# AIM OF THE EXERCISE
Give back the full listing as written. No pictures go with it.

# INFORMATION SUPPLIED
Segment Open

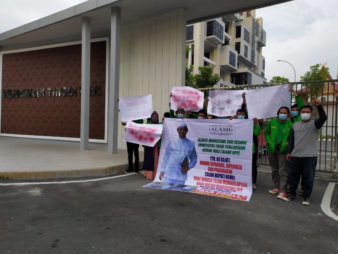 Dalam aksi, mahasiswa tampak membawa spanduk dengan berbagai tulisan, Seperti “kampus UPP bukan milik pribadi, kampus ini milik publik dan lain sebagainya.”
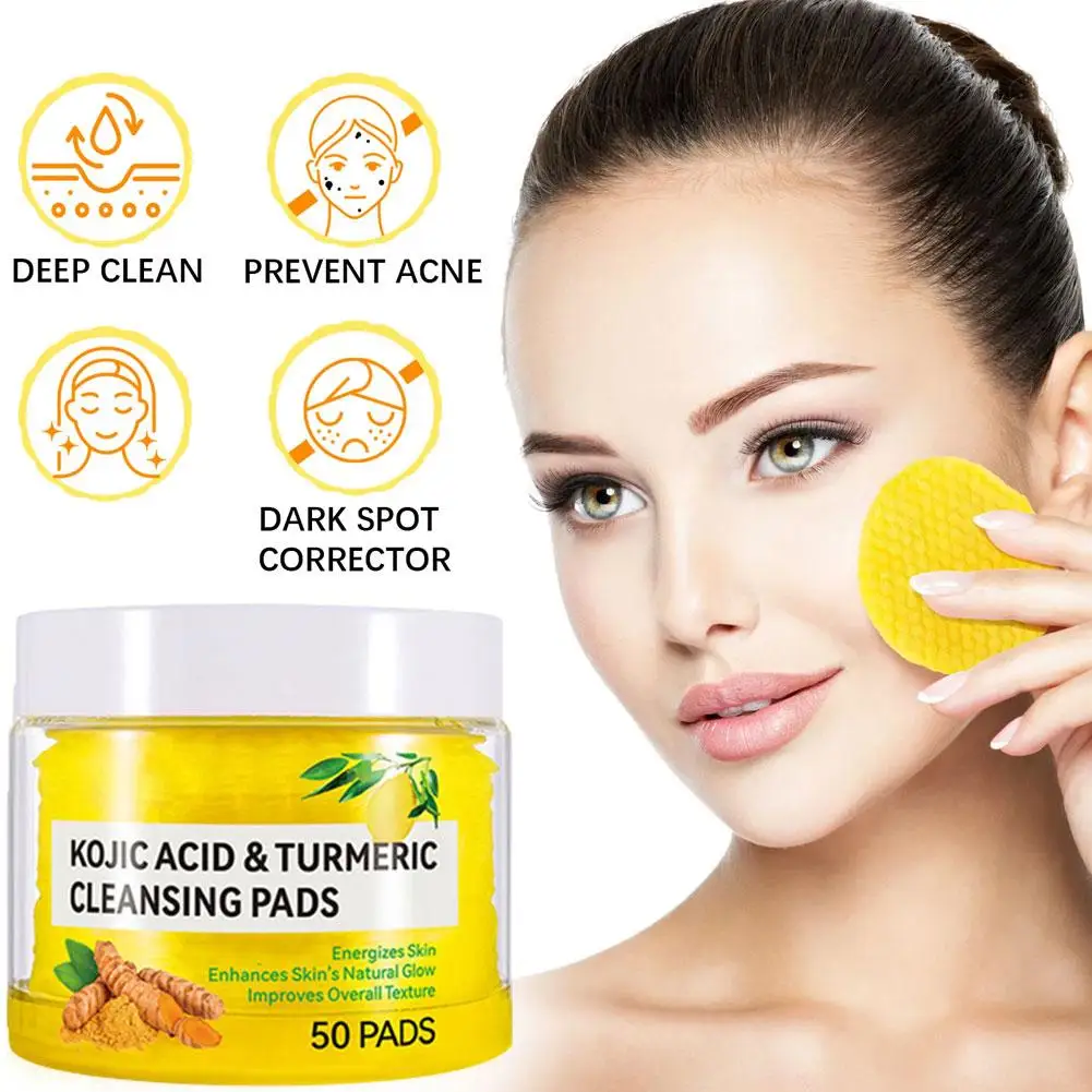 50 Pads Turmeric Kojic Acid Cleansing Pads Exfoliating Pads Facial Sponges For Daily Facial Cleansing Skin Care
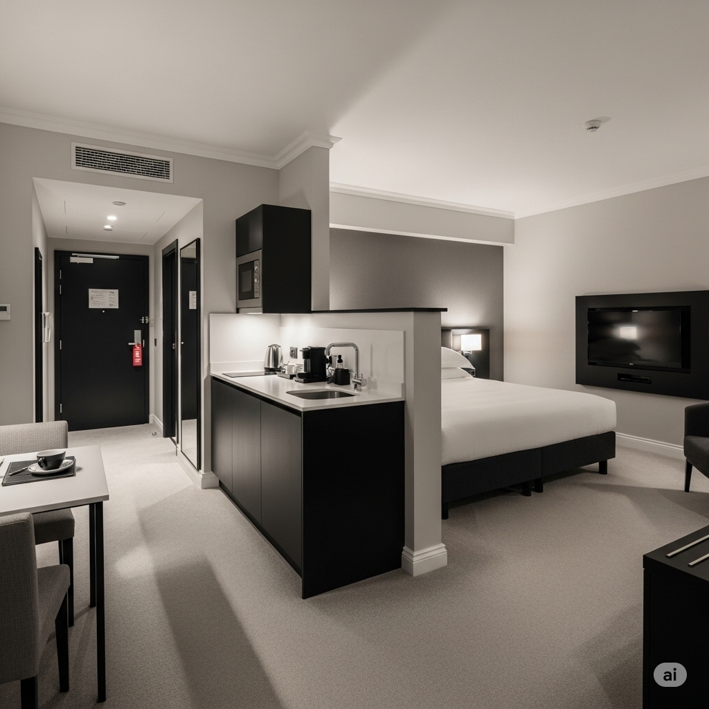 Seeking a windowless (or easily filmed as windowless) room with an industrial, minimalist feel for a guest quarters scene in a dramatic series pilot.
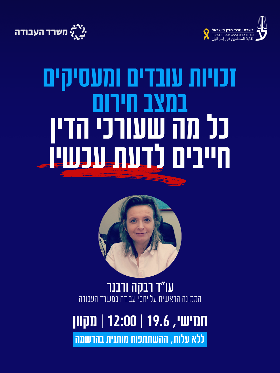 לשכת עורכי הדין בשיתוף משרד העבודה מזמינה את ציבור עורכות ועורכי הדין לוובינר מקצועי ומעמיק בנושא דיני עבודה במצבי חירום.

Segment Closed

# RESULT OF THIS EXERCISE
 Dalam aksi, mahasiswa tampak membawa spanduk dengan berbagai tulisan, Seperti “kampus UPP bukan milik pribadi, kampus ini milik publik dan lain sebagainya.”
 50 Pads Turmeric Kojic Acid Cleansing Pads Exfoliating Pads Facial Sponges For Daily Facial Cleansing Skin Care
 Seeking a windowless (or easily filmed as windowless) room with an industrial, minimalist feel for a guest quarters scene in a dramatic series pilot.
 לשכת עורכי הדין בשיתוף משרד העבודה מזמינה את ציבור עורכות ועורכי הדין לוובינר מקצועי ומעמיק בנושא דיני עבודה במצבי חירום.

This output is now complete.